(Beginning of Data for the task)

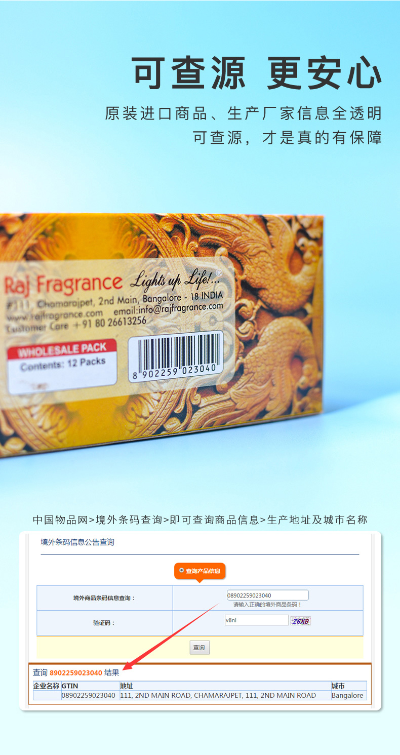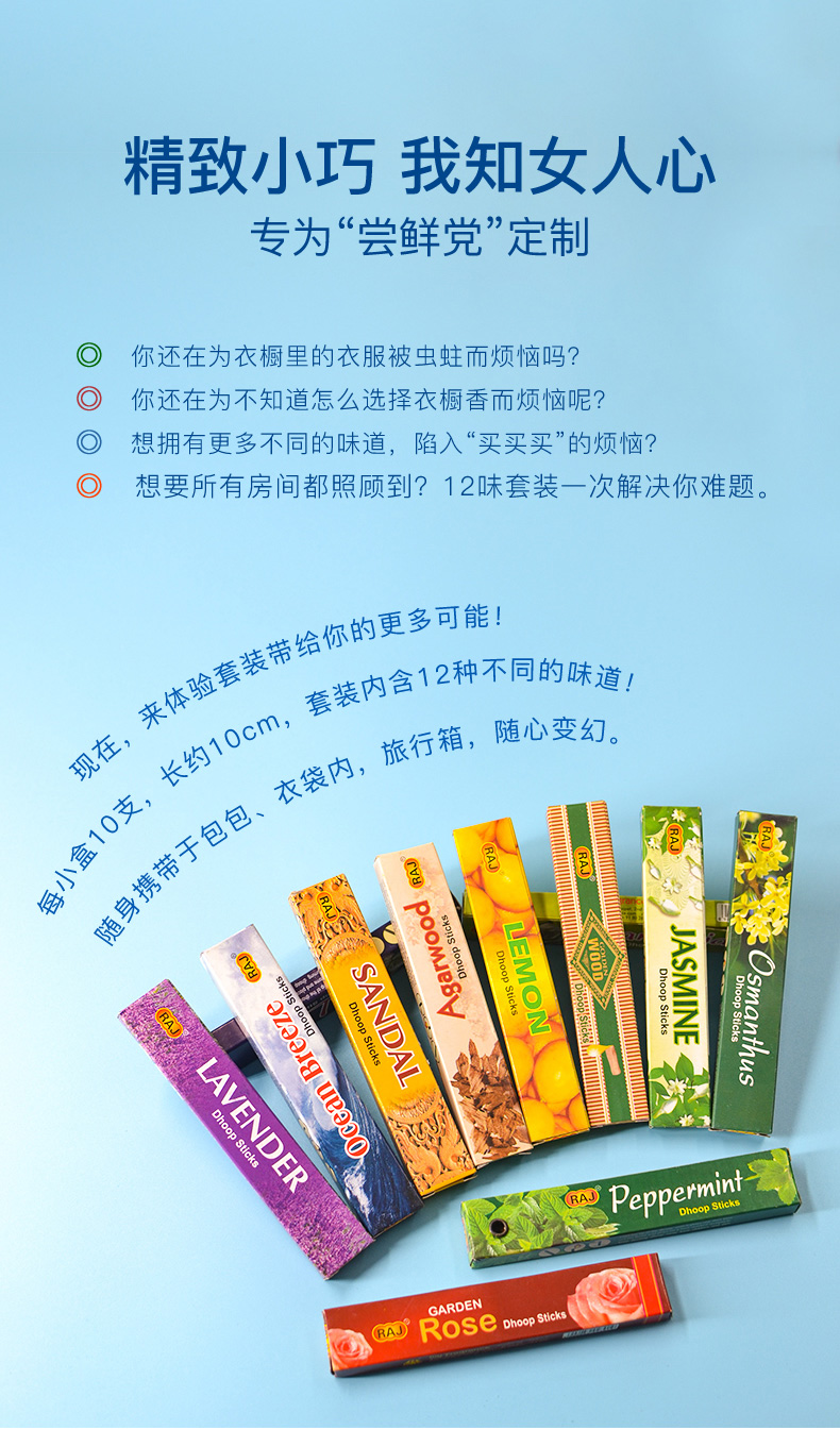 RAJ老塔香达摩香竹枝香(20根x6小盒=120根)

(End of Data for the task)
(Beginning of Data for the task)

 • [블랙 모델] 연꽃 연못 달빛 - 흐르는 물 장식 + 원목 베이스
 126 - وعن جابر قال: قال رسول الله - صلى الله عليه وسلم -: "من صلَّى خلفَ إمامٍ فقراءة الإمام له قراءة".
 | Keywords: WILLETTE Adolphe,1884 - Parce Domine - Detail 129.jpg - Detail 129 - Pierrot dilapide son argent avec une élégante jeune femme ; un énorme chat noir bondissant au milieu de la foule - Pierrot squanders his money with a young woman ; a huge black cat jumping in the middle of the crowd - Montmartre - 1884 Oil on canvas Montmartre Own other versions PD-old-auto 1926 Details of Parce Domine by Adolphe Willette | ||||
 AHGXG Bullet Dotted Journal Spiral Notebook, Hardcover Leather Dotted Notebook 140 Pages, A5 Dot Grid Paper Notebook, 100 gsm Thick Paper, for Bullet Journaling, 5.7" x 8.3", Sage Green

(End of Data for the task)
(Beginning of Data for the task)

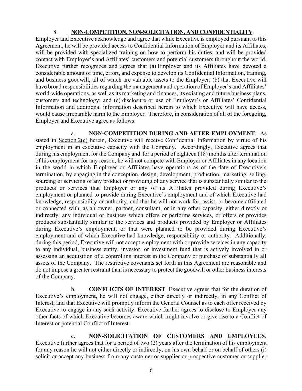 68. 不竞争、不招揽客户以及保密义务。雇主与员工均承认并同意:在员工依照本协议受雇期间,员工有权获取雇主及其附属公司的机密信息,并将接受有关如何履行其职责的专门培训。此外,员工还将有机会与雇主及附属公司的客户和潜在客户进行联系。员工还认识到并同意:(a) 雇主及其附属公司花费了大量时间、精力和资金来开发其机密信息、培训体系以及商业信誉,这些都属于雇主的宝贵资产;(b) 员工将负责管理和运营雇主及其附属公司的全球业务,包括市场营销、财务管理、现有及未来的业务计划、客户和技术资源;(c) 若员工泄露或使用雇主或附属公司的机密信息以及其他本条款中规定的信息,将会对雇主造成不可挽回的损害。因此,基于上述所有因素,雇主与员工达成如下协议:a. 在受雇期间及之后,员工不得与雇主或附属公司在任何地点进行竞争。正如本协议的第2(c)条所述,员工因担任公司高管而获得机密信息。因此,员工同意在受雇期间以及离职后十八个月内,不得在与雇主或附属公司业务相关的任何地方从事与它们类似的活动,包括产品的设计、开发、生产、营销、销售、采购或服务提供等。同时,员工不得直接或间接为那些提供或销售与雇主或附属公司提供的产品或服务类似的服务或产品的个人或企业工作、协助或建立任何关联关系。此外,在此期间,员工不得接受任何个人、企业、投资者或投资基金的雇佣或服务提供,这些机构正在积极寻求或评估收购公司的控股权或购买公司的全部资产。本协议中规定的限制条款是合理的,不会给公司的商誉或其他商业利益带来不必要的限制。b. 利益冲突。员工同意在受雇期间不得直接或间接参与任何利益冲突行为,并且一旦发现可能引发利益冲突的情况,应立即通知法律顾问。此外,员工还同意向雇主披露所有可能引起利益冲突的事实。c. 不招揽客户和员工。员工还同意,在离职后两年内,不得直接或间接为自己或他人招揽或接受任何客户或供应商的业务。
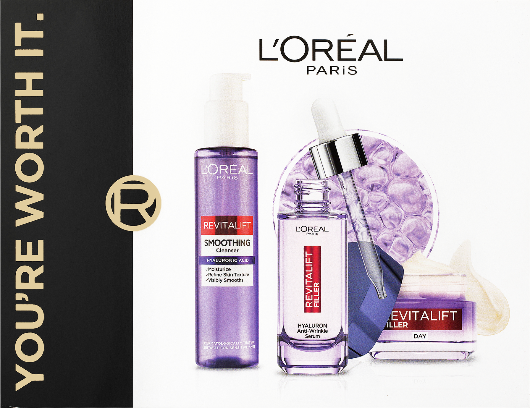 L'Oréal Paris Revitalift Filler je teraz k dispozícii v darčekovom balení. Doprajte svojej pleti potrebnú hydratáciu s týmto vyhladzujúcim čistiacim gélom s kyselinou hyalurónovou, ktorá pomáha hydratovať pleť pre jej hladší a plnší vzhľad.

(End of Data for the task)

Task statement: Give back exactly the lines above starting at the line where "장식 + 원목 베이스" appears and ending at the line where "AHGXG Bullet Dotted" appears, both included, with no other lines.

Written answer:
 • [블랙 모델] 연꽃 연못 달빛 - 흐르는 물 장식 + 원목 베이스
 126 - وعن جابر قال: قال رسول الله - صلى الله عليه وسلم -: "من صلَّى خلفَ إمامٍ فقراءة الإمام له قراءة".
 | Keywords: WILLETTE Adolphe,1884 - Parce Domine - Detail 129.jpg - Detail 129 - Pierrot dilapide son argent avec une élégante jeune femme ; un énorme chat noir bondissant au milieu de la foule - Pierrot squanders his money with a young woman ; a huge black cat jumping in the middle of the crowd - Montmartre - 1884 Oil on canvas Montmartre Own other versions PD-old-auto 1926 Details of Parce Domine by Adolphe Willette | ||||
 AHGXG Bullet Dotted Journal Spiral Notebook, Hardcover Leather Dotted Notebook 140 Pages, A5 Dot Grid Paper Notebook, 100 gsm Thick Paper, for Bullet Journaling, 5.7" x 8.3", Sage Green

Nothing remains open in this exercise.